**Dataset excerpt**
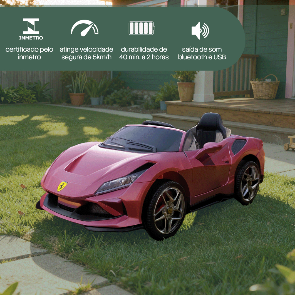 Mini Carro Infantil Elétrico com Controle Remoto Ferrari 12V PRODUTO CERTIFICADO PELO INMETRO. O mini veículo pode ser controlado pela criança por meio de acionamento de pedal e controle da direção, assim como, por um adulto utilizando o controle remoto (alcance de até 20 metros). É ideal para crianças de 2 anos a 7 anos, com capacidade de até 35 kg. Atinge velocidades seguras até 5 km/h. Possui marcha para frente, ré e neutro. Simplesmente o melhor do passeio com a maior aventura. Tornando-se um presente ideal para qualquer ocasião, seja para um Aniversário, Natal ou Dia das Crianças, este brinquedo certamente será um sucesso. Cores Disponíveis: * Vermelho * Rosa * Azul Especificações Técnicas: - Recomendado Para crianças até 07 anos ou ou com peso máximo de até 35kg (Idade recomendada pode variar dependendo do tamanho da criança, verifique sempre as medidas do produto e o peso máximo permitido) - Direção 2 em 1, pode ser controlado tanto a distância pelo controle remoto, como manualmente pela criança de dentro do veículo. - Recomendado somente 1 criança por vez. - Bateria recarregável de 2 x 6V ( Equivalente a 12V ) - Tempo de carregamento: de 8 a 12 horas - Duração da bateria: de 40 min à 1 hora - Velocidade máxima 5 km/h - Acompanha carregador bivolt - Controle remoto funciona com 2 pilhas AA (Não Incluídas) - Peso Aproximado do Produto: 30kg - Peso máximo suportado: 35 Kg - Medidas do produto (Aproximadas): 114cm comp. x 70 cm larg. x 45 cm alt. - Material do Assento: Plástico resistente ajustável - Material das Rodas: Plástico resistente - A distância aproximada entre o encosto do banco até o volante (medidas aproximadas): +/-40cm - A altura aproximada da base do carrinho até o volante (medidas aproximadas): +/- 25cm - Cinto de segurança de dois pontos Perguntas: - Tem Ré? sim - Luz de Led no farol dianteiro e traseiro? sim - Acionamento da buzina e som do motor no volante? sim - Tem rádio? sim - Tem Entrada para MP3? sim - Tem Bluetooth ? sim - Botão para aumentar/diminuir o volume? sim - Botão de Liga/Desliga que emite ronco do motor? sim - Pedal para que a criança possa acelerar? sim - Cinto de segurança com regulador? Sim Conteúdo da Embalagem: - 01 Carro Elétrico Infantil - 01 Carregador Bivolt (110V/220V) - 01 Controle Remoto OBS: Veículo elétrico irá desmontado e deverá ser montado por um adulto. Acompanha Manual e sempre estamos disponivel pelo chat da venda para qualquer ajuda ou esclarecimento ACESSANDO A BATERIA E INICIALIZANDO O CARRINHO: As baterias estão localizadas na parte interna dos veículos, debaixo do banco/assento do veículo. Para o melhor desempenho da bateria, nós enviamos o fio Vermelho (negativo) desconectado da bateria, por isso, você precisa acessá-la para conectar o fio e ligar o veículo. Obs.: pode ser que tenha uma pequena capinha plástica no conector do fio vermelho na bateria. Remova-a e, em seguida, encaixe completamente o fio. PRIMEIRA RECARGA E USO: Para o melhor desempenho da bateria, a primeira recarga tem que ser feita por até 12h, não mais que isso e não menos que 10h. As demais recargas podem ser feitas de 6h a 8h de duração. PAREAMENTO DO CONTROLE REMOTO: Pode ser que ele não funcione imediatamente após a inicialização do produto. Você precisará fazer a sincronização do controle. 1 - com o carrinho desligado, pressione ao mesmo tempo a seta para cima e para baixo do controle, até a luz no meio do controle começar a piscar. 2 - quando a luz do controle estiver piscando, ligar o carrinho. 3 - ao ligar o carrinho a luz do controle irá parar de piscar e ficar fixa, nesse momento a sincronização está concluída. Minha compra é segura? Sim! Toda transação na Shopee é feita em ambiente 100% seguro. O produto tem nota fiscal e garantia? Sim, com nota fiscal e garantia de 2 meses direto com o vendedor. Posso devolver se não gostar? Claro! Você tem 7 dias para devolução por arrependimento com reembolso integral. O envio é rápido? Sim! Todos os pedidos aprovados até as 13h são despachados no mesmo dia. Tem produto em estoque? Sim, pronta entrega! Enviamos para todo o Brasil. Atendimento rápido e especializado.
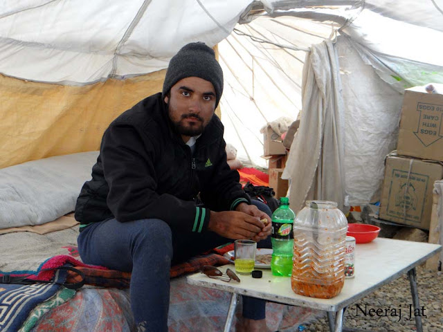 सकाळी आठ ला उठलो. बाहेर कसला तरी आवाज येत होता. दोन मोटारसायकली आणि दोन कार थांबल्या होत्या. आणि पर्यटक आमच्या तंबू पाशी येउन फोटो काढत होते. काल संकटाच्या परिस्थिती मध्ये तंबू इथे लावावा लागला होता. मागे ३४ किलोमीटर सरचू आणि पुढे ११ किलोमीटर व्हिस्की ओढा इथेच लोकांची वस्ती आहे. अश्या सुमसाम जागे मध्ये, आमचा तंबू म्हणजे एक आकर्षण केंद्र होतं. हि लोक रोहतक ची होती.
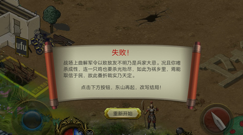 如果你没有及时杀掉这个士兵,农民伯伯会因为你杀了他的鸡,一根子把你打死。。。游戏从头再来。
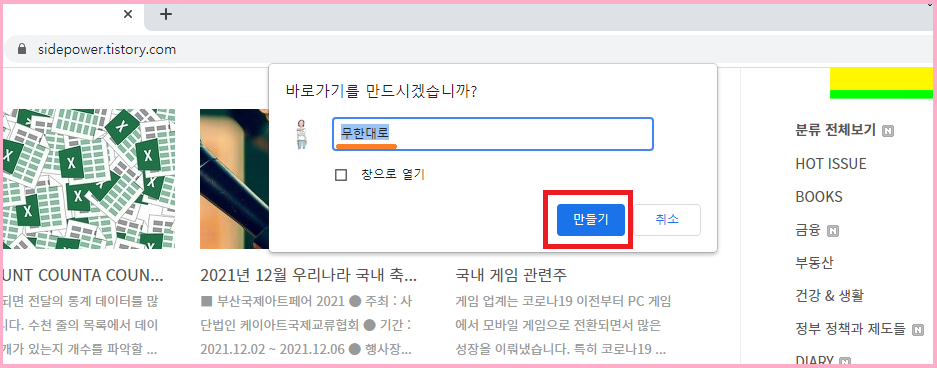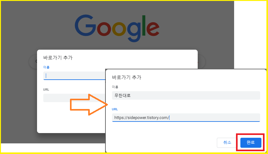 바로가기 만들 적절한 이름과 URL을 입력하세요.

**Requirement**
With the pictures removed, output the listing above exactly.

**Answer to this exercise**
 Mini Carro Infantil Elétrico com Controle Remoto Ferrari 12V PRODUTO CERTIFICADO PELO INMETRO. O mini veículo pode ser controlado pela criança por meio de acionamento de pedal e controle da direção, assim como, por um adulto utilizando o controle remoto (alcance de até 20 metros). É ideal para crianças de 2 anos a 7 anos, com capacidade de até 35 kg. Atinge velocidades seguras até 5 km/h. Possui marcha para frente, ré e neutro. Simplesmente o melhor do passeio com a maior aventura. Tornando-se um presente ideal para qualquer ocasião, seja para um Aniversário, Natal ou Dia das Crianças, este brinquedo certamente será um sucesso. Cores Disponíveis: * Vermelho * Rosa * Azul Especificações Técnicas: - Recomendado Para crianças até 07 anos ou ou com peso máximo de até 35kg (Idade recomendada pode variar dependendo do tamanho da criança, verifique sempre as medidas do produto e o peso máximo permitido) - Direção 2 em 1, pode ser controlado tanto a distância pelo controle remoto, como manualmente pela criança de dentro do veículo. - Recomendado somente 1 criança por vez. - Bateria recarregável de 2 x 6V ( Equivalente a 12V ) - Tempo de carregamento: de 8 a 12 horas - Duração da bateria: de 40 min à 1 hora - Velocidade máxima 5 km/h - Acompanha carregador bivolt - Controle remoto funciona com 2 pilhas AA (Não Incluídas) - Peso Aproximado do Produto: 30kg - Peso máximo suportado: 35 Kg - Medidas do produto (Aproximadas): 114cm comp. x 70 cm larg. x 45 cm alt. - Material do Assento: Plástico resistente ajustável - Material das Rodas: Plástico resistente - A distância aproximada entre o encosto do banco até o volante (medidas aproximadas): +/-40cm - A altura aproximada da base do carrinho até o volante (medidas aproximadas): +/- 25cm - Cinto de segurança de dois pontos Perguntas: - Tem Ré? sim - Luz de Led no farol dianteiro e traseiro? sim - Acionamento da buzina e som do motor no volante? sim - Tem rádio? sim - Tem Entrada para MP3? sim - Tem Bluetooth ? sim - Botão para aumentar/diminuir o volume? sim - Botão de Liga/Desliga que emite ronco do motor? sim - Pedal para que a criança possa acelerar? sim - Cinto de segurança com regulador? Sim Conteúdo da Embalagem: - 01 Carro Elétrico Infantil - 01 Carregador Bivolt (110V/220V) - 01 Controle Remoto OBS: Veículo elétrico irá desmontado e deverá ser montado por um adulto. Acompanha Manual e sempre estamos disponivel pelo chat da venda para qualquer ajuda ou esclarecimento ACESSANDO A BATERIA E INICIALIZANDO O CARRINHO: As baterias estão localizadas na parte interna dos veículos, debaixo do banco/assento do veículo. Para o melhor desempenho da bateria, nós enviamos o fio Vermelho (negativo) desconectado da bateria, por isso, você precisa acessá-la para conectar o fio e ligar o veículo. Obs.: pode ser que tenha uma pequena capinha plástica no conector do fio vermelho na bateria. Remova-a e, em seguida, encaixe completamente o fio. PRIMEIRA RECARGA E USO: Para o melhor desempenho da bateria, a primeira recarga tem que ser feita por até 12h, não mais que isso e não menos que 10h. As demais recargas podem ser feitas de 6h a 8h de duração. PAREAMENTO DO CONTROLE REMOTO: Pode ser que ele não funcione imediatamente após a inicialização do produto. Você precisará fazer a sincronização do controle. 1 - com o carrinho desligado, pressione ao mesmo tempo a seta para cima e para baixo do controle, até a luz no meio do controle começar a piscar. 2 - quando a luz do controle estiver piscando, ligar o carrinho. 3 - ao ligar o carrinho a luz do controle irá parar de piscar e ficar fixa, nesse momento a sincronização está concluída. Minha compra é segura? Sim! Toda transação na Shopee é feita em ambiente 100% seguro. O produto tem nota fiscal e garantia? Sim, com nota fiscal e garantia de 2 meses direto com o vendedor. Posso devolver se não gostar? Claro! Você tem 7 dias para devolução por arrependimento com reembolso integral. O envio é rápido? Sim! Todos os pedidos aprovados até as 13h são despachados no mesmo dia. Tem produto em estoque? Sim, pronta entrega! Enviamos para todo o Brasil. Atendimento rápido e especializado.
 सकाळी आठ ला उठलो. बाहेर कसला तरी आवाज येत होता. दोन मोटारसायकली आणि दोन कार थांबल्या होत्या. आणि पर्यटक आमच्या तंबू पाशी येउन फोटो काढत होते. काल संकटाच्या परिस्थिती मध्ये तंबू इथे लावावा लागला होता. मागे ३४ किलोमीटर सरचू आणि पुढे ११ किलोमीटर व्हिस्की ओढा इथेच लोकांची वस्ती आहे. अश्या सुमसाम जागे मध्ये, आमचा तंबू म्हणजे एक आकर्षण केंद्र होतं. हि लोक रोहतक ची होती.
 如果你没有及时杀掉这个士兵,农民伯伯会因为你杀了他的鸡,一根子把你打死。。。游戏从头再来。
 바로가기 만들 적절한 이름과 URL을 입력하세요.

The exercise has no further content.